**Action item**
In the listing below, find the line with "3、豪华版阵容:熊猫酒仙+宝莲仙童+九黎兵主/灭世之刃+不死凤凰+主角" and copy every line from there up to and including the line with "剛度指材料或結(jié)構(gòu)在受", exactly and without pictures.

**Recorded information**
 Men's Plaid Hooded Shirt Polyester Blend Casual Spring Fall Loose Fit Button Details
==
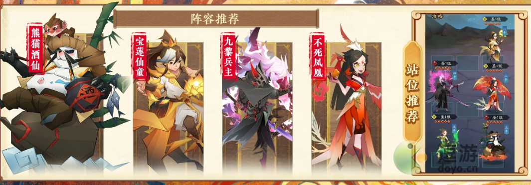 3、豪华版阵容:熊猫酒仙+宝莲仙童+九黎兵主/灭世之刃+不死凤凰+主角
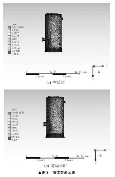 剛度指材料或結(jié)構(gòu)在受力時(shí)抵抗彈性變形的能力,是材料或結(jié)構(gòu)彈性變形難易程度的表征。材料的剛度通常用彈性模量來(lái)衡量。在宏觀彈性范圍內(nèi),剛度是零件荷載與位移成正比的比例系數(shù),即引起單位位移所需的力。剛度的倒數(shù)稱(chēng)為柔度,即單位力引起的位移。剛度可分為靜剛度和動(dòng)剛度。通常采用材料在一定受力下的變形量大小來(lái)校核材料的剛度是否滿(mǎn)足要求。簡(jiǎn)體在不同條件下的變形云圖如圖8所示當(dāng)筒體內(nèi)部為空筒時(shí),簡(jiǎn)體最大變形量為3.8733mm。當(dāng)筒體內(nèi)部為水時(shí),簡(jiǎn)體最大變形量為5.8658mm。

**Task response**
 3、豪华版阵容:熊猫酒仙+宝莲仙童+九黎兵主/灭世之刃+不死凤凰+主角
 剛度指材料或結(jié)構(gòu)在受力時(shí)抵抗彈性變形的能力,是材料或結(jié)構(gòu)彈性變形難易程度的表征。材料的剛度通常用彈性模量來(lái)衡量。在宏觀彈性范圍內(nèi),剛度是零件荷載與位移成正比的比例系數(shù),即引起單位位移所需的力。剛度的倒數(shù)稱(chēng)為柔度,即單位力引起的位移。剛度可分為靜剛度和動(dòng)剛度。通常采用材料在一定受力下的變形量大小來(lái)校核材料的剛度是否滿(mǎn)足要求。簡(jiǎn)體在不同條件下的變形云圖如圖8所示當(dāng)筒體內(nèi)部為空筒時(shí),簡(jiǎn)體最大變形量為3.8733mm。當(dāng)筒體內(nèi)部為水時(shí),簡(jiǎn)體最大變形量為5.8658mm。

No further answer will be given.